DIRECTIONS FOR THIS TASK
Taking the entries below, transcribe only the lines starting with the one with "Baño completo: Funcional" and going on through the one with "Лицевая сторона —", exactly as written, without the pictures.
───── DATA PROVIDED
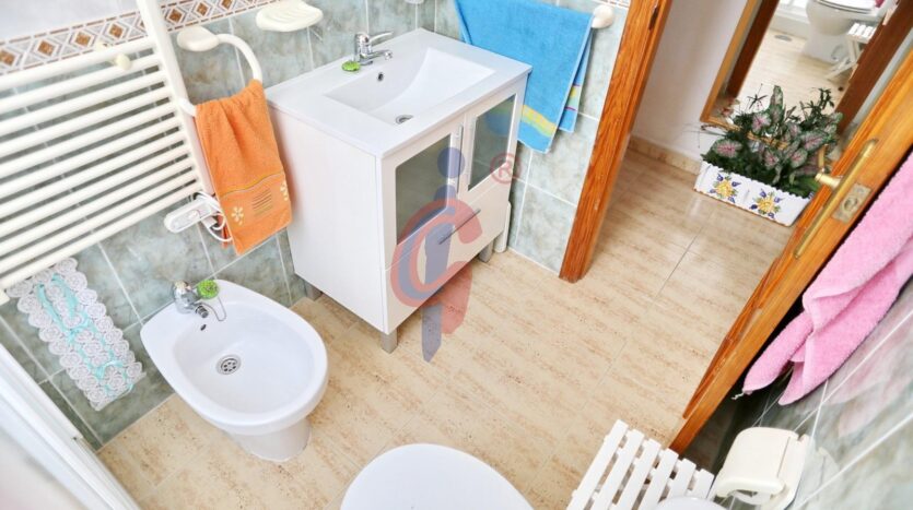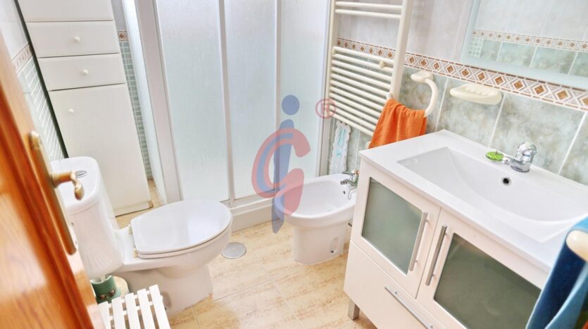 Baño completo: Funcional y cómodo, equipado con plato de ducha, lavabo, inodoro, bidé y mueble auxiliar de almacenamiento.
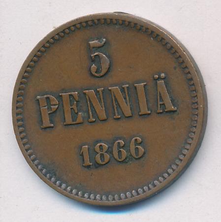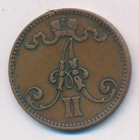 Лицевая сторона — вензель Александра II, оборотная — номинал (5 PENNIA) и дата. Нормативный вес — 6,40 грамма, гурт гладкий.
──────────
───── DATA PROVIDED
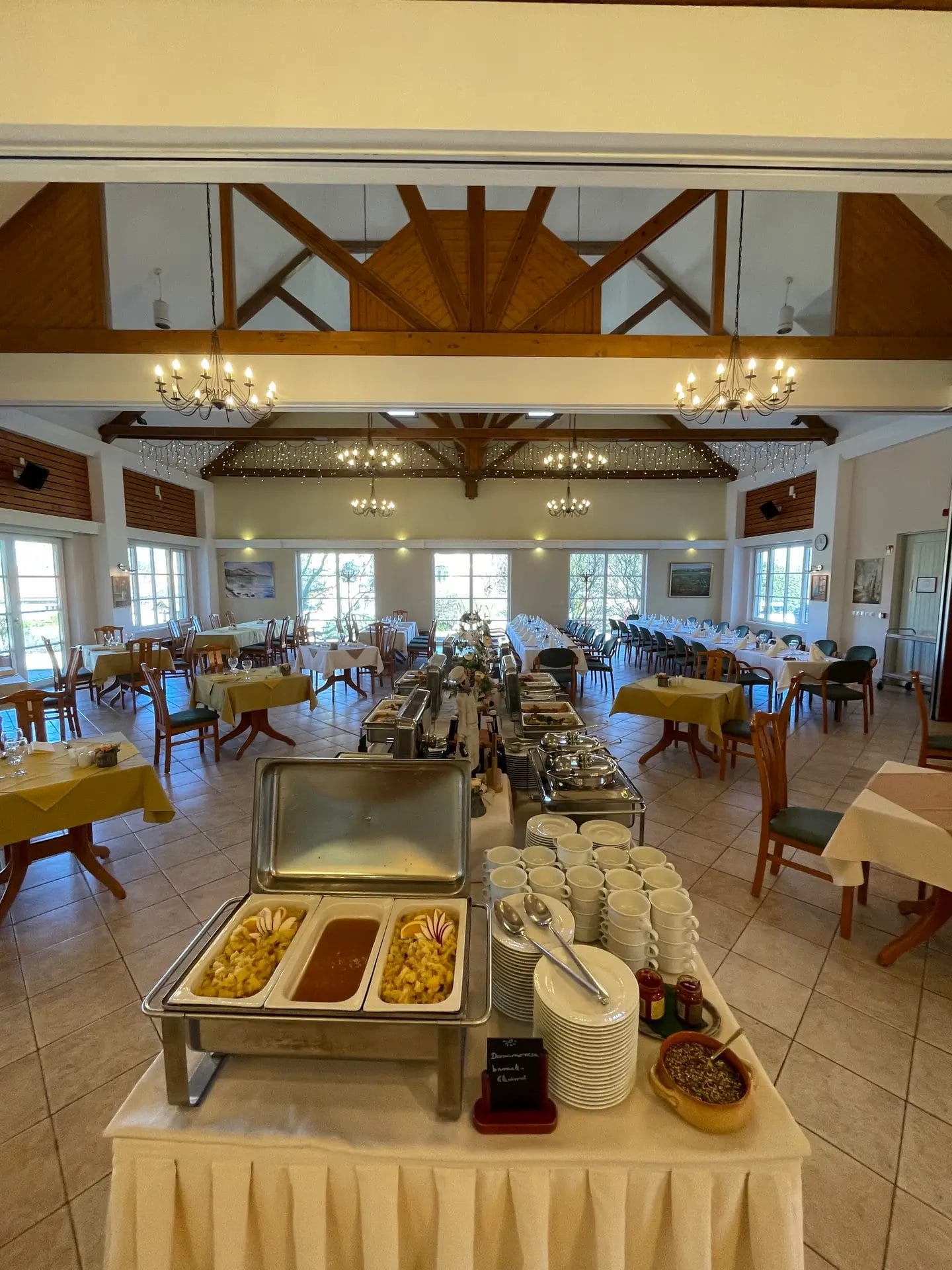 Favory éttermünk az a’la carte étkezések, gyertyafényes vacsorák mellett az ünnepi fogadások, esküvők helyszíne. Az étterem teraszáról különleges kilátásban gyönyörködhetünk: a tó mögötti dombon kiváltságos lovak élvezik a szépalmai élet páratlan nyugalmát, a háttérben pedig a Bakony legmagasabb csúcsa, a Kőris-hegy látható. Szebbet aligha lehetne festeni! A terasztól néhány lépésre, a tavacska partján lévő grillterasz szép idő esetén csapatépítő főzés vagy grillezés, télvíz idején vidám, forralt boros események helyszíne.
──────────
COMPLETED TASK
 Baño completo: Funcional y cómodo, equipado con plato de ducha, lavabo, inodoro, bidé y mueble auxiliar de almacenamiento.
 Лицевая сторона — вензель Александра II, оборотная — номинал (5 PENNIA) и дата. Нормативный вес — 6,40 грамма, гурт гладкий.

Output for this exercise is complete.